Назад я слов не стану брать!
Ступай… И нечего болтать!»
Тут попрекнула мастерица
Афину: «Всё же не годится
Богине вызов не принять…
Наверно, разучилась ткать!»
Старуха, прошептав: «Невежда!» —
Себе вернула облик прежний.
«Не предавайся вновь хуле!
Давай сразимся в ремесле, —
Уже сказала вслух Паллада
Ткачихе. – Ты, видать, не рада?!»
Богини шлем, копьё, решимость,
Воинственность, неуязвимость
Не охладили пыла пряхи,
Готовой в бой вступить без страха:
– Турниру между нами быть!
Оружье – мастерство и нить!
Народ собрался. Ждал исхода…
И замерла вокруг Природа…
Лишь день, устав трудиться, сник;
Тут вечер, взяв пример с ткачих,
Упорно ткал, и вскоре он
Зарёй украсил небосклон.
А на земле богиня ткала,
Арахна ей не уступала…
Ох, смертный люд!

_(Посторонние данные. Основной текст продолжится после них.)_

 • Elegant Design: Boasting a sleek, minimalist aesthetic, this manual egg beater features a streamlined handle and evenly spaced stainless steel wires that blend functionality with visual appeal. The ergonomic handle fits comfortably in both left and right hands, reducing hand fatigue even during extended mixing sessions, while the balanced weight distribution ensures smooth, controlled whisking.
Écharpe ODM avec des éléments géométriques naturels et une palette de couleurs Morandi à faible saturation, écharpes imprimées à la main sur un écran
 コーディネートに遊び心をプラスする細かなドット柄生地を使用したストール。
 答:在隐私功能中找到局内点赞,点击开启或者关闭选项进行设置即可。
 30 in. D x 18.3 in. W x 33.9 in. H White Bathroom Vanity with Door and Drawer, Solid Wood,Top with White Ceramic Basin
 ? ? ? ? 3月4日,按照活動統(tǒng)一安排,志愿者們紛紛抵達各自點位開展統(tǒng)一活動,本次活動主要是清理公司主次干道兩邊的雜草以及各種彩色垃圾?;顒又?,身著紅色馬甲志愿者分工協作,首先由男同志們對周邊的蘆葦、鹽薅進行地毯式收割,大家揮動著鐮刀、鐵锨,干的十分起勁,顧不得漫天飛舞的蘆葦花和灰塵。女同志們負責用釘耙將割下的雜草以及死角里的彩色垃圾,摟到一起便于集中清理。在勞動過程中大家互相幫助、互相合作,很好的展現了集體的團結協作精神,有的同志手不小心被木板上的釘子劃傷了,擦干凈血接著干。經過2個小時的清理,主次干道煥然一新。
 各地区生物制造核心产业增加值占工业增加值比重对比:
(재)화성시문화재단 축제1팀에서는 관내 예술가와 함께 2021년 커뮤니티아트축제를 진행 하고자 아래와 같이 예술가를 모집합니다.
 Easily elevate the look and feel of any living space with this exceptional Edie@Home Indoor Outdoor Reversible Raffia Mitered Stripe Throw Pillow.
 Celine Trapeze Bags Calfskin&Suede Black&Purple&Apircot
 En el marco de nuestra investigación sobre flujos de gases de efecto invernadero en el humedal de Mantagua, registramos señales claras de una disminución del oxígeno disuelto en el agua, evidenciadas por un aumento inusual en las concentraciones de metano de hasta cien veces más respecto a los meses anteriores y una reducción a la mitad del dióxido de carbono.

Он одержим,
Когда гордыня рядом с ним,
В поступках проявляет вздорность —
Олимп не терпит непокорность…
И вот – готовы две картины,
У мастериц промокли спины
От состязанья и азарта,
Где честь поставлена на карту.
Картины будто супостаты:
Одна – воинственной Паллады —
Звала к покорности богам,
Дающим людям пропитанье,
И мастерство в труде, и знанье…
Другая – гордой мастерицы,
Трудом сумевшей научиться
Пленять полотнами весь мир.
И обе – рядом. Шёл турнир…
По мастерству одна работа
Не отличалась ни на йоту
От супротивной… Это – перлы!
Но у ткачихи чувство меры,
Несущей людям красоту,
Перешагнуло за черту…
И полотно у вод Пактола
Явилось страшною крамолой…
Да… тема та же, только боги
Не положительны и строги,
Скорей, совсем наоборот:
На полотне Арахны – сброд,
Который снял Олимпа маски…
Изобразила без опаски
Богов, охочих до страстей
И тем похожих на людей:
И страсть, и хитрость, подчинённость
Диктату Зевса, изощрённость,
И вакханалии, и сплетни…
Ещё соткала вечер летний,
Пленивший взоры к полотну…
Турнир переходил в войну,
И зрительский азарт притих…
Все ждали действий от ткачих.
– У каждой правда, но своя! —
Шептались люди, убоясь
Богини гнева. – Для Паллад
Не нужен наш свободный взгляд.
Богиня, громко крикнув что-то,
Порвала дерзкую работу,
Добавив: «Получи урок!» —
В Арахну бросила челнок.
Позор публичный…
«Ну дела!‥»
Верёвку для себя свила
Арахна, плача: «Я повешусь!»
Итогом дел богиня тешась,
Узрела петлю и уход,
Дав делу новый поворот:
Арахну видя неживой
И окропив её водой,
Сказала так богиня: «Впредь
На нитке будешь ты висеть
Иль ткать немыслимый узор,
Забыв турнир и свой позор».
Тут прикоснулась к телу бренной
Копьём волшебным, и мгновенно
Арахна сжалась до пятна —
Неузнаваема она:
Не распознать ни ног, ни рук —
Живой комок, лесной паук…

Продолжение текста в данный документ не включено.